Combine a series of different pages into a dv.pages object

I have a series of pages in different parts of my vault that I would like to combine into a single dv.pages object.

For example:

/Misc/A/a.md
/Projects/B/b.md
/Summaries/C/c.md

How can this be done?

I see that dv.page can be used to turn a path into a page, so

dv.page(“/Misc/A/a.md”)
dv.page(“/Projects/B/b.md”)
dv.page(“/Summaries/C/c.md”)

Would generate a series of individual page objects but I can’t see how to turn them into a single dv.pages object.

Any suggestions?

Thanks in advance

I think you can put them in an array, and use dv.array(), and it would behave similarly.

But might I ask why you want them to do this? What are you going to use the result for afterwards?

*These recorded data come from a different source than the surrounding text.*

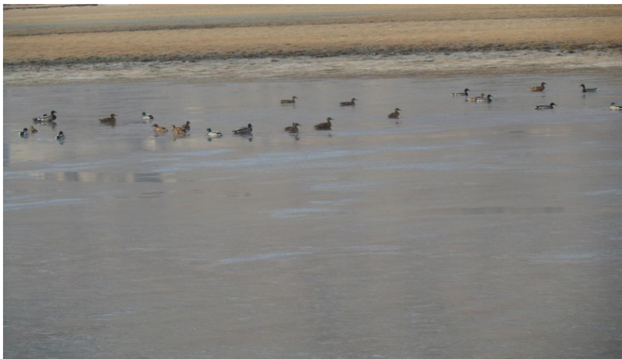
مرغابیها در نومبر سال ۲۰۱۵ در قریه ایشمرغ واخان
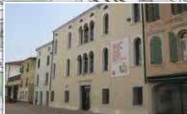
MUSEO CIVICO DI STORIA NATURALE
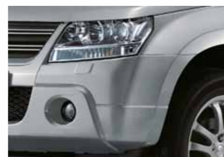
Серебристый металл / Silky Silver Metallic (Z2S)

Thanks. I read that in the documentation and tried it, with some Javascript like:

const pags = [“/Misc/A/a.md”], [“/Projects/B/b.md”], [“/Summaries/C/c.md”];

and then

const pages = dv.array(pags)

but when I try and use it in some Javascript, an error is generated:

Evaluation Error: SyntaxError: Invalid or unexpected token

Why do I want it? Because I have a header section (Key Points, where I write a summary of the content) in some pages that I want to pull out into another page, kind of an overall summary page. I currently do this with the following code (based upon something a kind soul left somewhere else in this forum):

const header = ‘## Key Points’
const pages = dv.pages("${dv.current().file.folder}").sort()

const regex = new RegExp(\n${header}\r?\n(.*?)(\n#+ |\n---|$), ‘s’)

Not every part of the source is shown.